The DST-I is defined as
$$a_N(k) = \sum_{n=0}^{N-1}x_n \sin\frac{\pi(n+1)(k+1)}{N+1}$$
which can be split into
$a_N(k) = b_{N\over 2}(k)+a_{N\over 2}(k)$ and $a_N(N-k-1)=b_{N\over 2}(k)-a_{N\over 2}(k)$, thus exploiting the symmetry in a similar fashion as for the DFT in case of Cooley-Tukey, with
$$a_{N\over 2}(k)=\sum_{n=0}^{{N\over 2}-1} x_{2n+1} \sin\frac{\pi(n+1)(k+1)}{N+1},$$
$$b_{N\over 2}(k)=\sum_{n=0}^{{N\over 2}-1} x_{2n} \sin\frac{2\pi(2n+1)(k+1)}{N+1}$$
as explained in e.g. in Britanak, Yip, Rao. Discrete Cosine and Sine Transforms: General Properties, Fast Algorithms and Integer Approximations.
However, I don't get it to describe this as a simple, recursive algorithm as my twiddle factors appear to be wrong. My code (prototyping in python…) looks basically like below, however it yields to the wrong result for any N>2 (yes, N=1 is trivial but apparently it is correct for N=2, so I can't be totally off course?).

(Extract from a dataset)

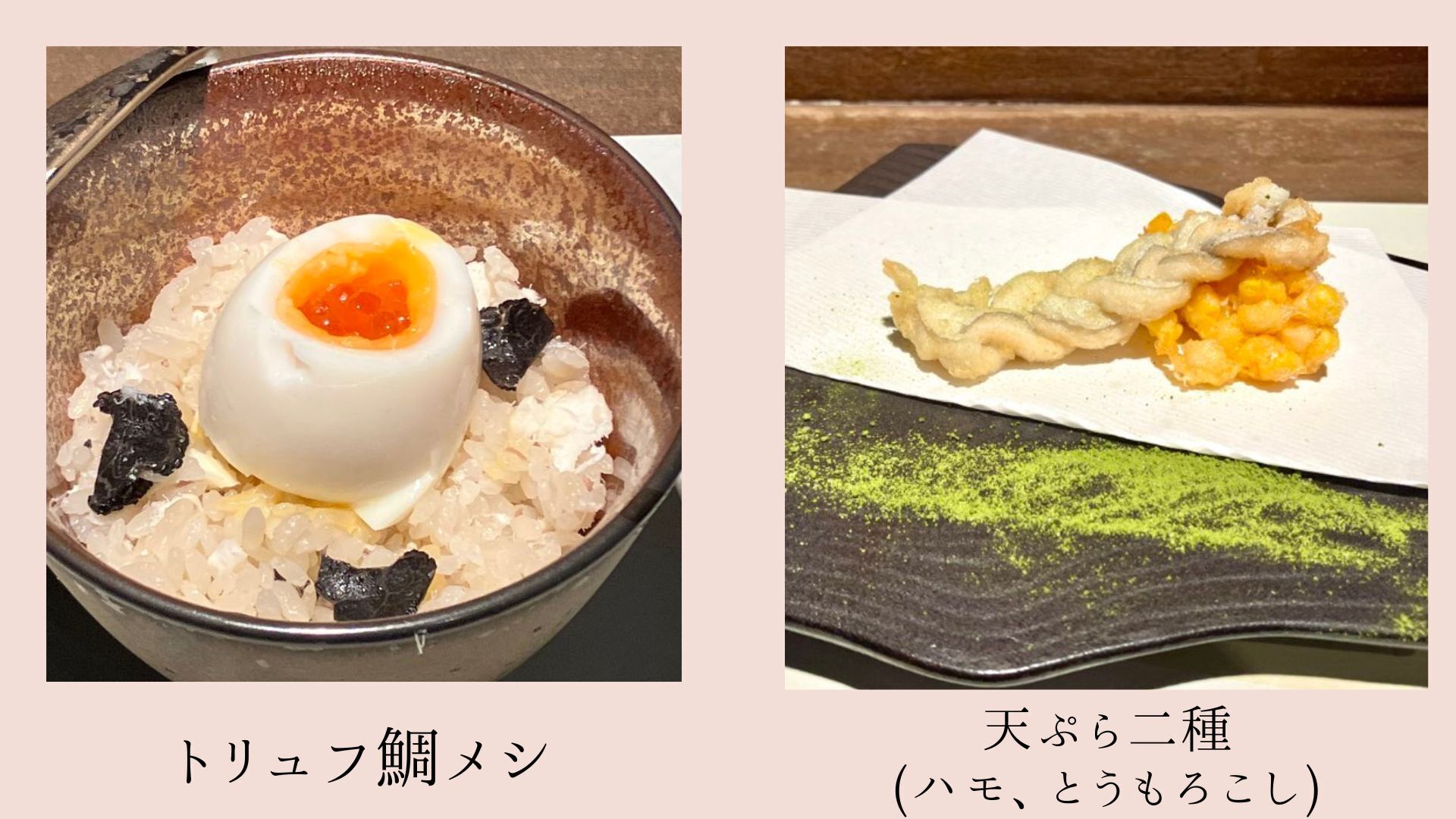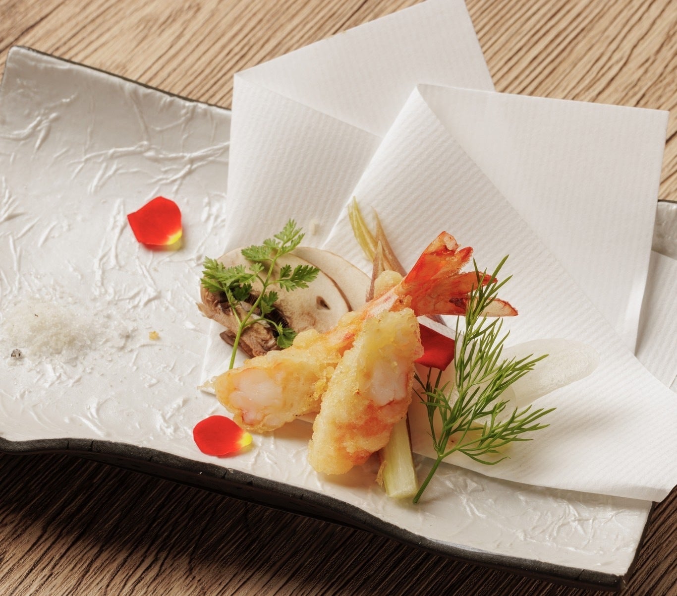こちらは定番のえびの天ぷらですが、見た目にも楽しんでいただける飾り付けや、食材に合うさまざまな塩をご用意してお待ちしております!

What am I missing? Or is the problem using this approach that $b_{N\over 2}(k)$ actually is the DST-II, thus this cannot be computed this way at all (i.e. need to compute DST-I of odd parts and DST-II of even parts, recursively?). While it is kind of fun figuring out the solution on my own, any hints are greatly appreciated – this has to be described somewhere this simple, or hasn't it?
def We(N,k):
return math.sin(math.pi*2*(k+1)/(N+1))
def Wo(N,k):
return math.sin(math.pi*(k+1)/(N+1))
def dst_fast(x_in,N):
x = x_in[:]
y = [0]*N
if N == 1:
return x
even = dst_fast(x[::2],N//2)
odd = dst_fast(x[1::2],N//2)
for k in range(N//2):
e = We(N,k) * even[k]
o = Wo(N,k) * odd[k]
y[k] = e + o
y[N-1-k] = e - o
return y
Best Answer
Not an expert with DST, but I think you're missing a costant factor when using dst_fast(something,N//2) to build dst_fast(something,N) --- the former contains a N/2+1 denominator, the latter needs a N+1 denominator. Therefore there should be a conversion factor with a term looking like N/2+1, which I don't see in your code.